* YOUR OBJECTIVE:
The span to repeat in the listing below runs from the line containing "Município de Santa" to the line containing "Fin hatt på", inclusive. Repeat it exactly, and only it.

* DATASET:
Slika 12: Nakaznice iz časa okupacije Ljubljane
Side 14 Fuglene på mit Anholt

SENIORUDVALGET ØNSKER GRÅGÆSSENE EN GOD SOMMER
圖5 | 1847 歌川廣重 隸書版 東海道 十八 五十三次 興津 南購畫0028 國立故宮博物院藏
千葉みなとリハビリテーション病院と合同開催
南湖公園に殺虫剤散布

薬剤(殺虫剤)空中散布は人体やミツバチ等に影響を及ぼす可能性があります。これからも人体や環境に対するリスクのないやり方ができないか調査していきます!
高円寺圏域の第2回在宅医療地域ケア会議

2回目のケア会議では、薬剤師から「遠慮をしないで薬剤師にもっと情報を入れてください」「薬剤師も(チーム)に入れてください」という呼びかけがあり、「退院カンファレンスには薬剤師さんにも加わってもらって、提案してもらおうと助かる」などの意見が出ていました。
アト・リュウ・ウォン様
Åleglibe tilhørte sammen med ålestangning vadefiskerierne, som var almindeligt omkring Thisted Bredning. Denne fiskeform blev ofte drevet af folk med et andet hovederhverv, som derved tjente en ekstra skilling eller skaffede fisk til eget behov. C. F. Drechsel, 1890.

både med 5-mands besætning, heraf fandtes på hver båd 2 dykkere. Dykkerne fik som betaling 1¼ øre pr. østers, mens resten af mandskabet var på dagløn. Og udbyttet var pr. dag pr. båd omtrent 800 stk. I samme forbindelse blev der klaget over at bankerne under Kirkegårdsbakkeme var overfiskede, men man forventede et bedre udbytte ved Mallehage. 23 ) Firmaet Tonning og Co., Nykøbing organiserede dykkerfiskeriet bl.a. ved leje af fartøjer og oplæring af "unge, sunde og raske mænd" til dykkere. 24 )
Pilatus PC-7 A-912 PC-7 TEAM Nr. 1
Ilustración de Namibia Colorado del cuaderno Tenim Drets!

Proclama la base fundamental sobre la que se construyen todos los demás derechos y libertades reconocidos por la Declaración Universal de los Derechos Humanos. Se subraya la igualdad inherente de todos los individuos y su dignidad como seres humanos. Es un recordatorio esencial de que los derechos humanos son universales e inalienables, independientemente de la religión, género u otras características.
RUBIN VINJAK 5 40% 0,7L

--

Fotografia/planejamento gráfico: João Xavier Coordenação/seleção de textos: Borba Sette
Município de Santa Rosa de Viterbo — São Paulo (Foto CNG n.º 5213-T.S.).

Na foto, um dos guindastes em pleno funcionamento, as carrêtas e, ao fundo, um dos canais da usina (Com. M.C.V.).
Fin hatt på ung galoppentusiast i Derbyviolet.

* TASK ANSWER:
Município de Santa Rosa de Viterbo — São Paulo (Foto CNG n.º 5213-T.S.).

Na foto, um dos guindastes em pleno funcionamento, as carrêtas e, ao fundo, um dos canais da usina (Com. M.C.V.).
Fin hatt på ung galoppentusiast i Derbyviolet.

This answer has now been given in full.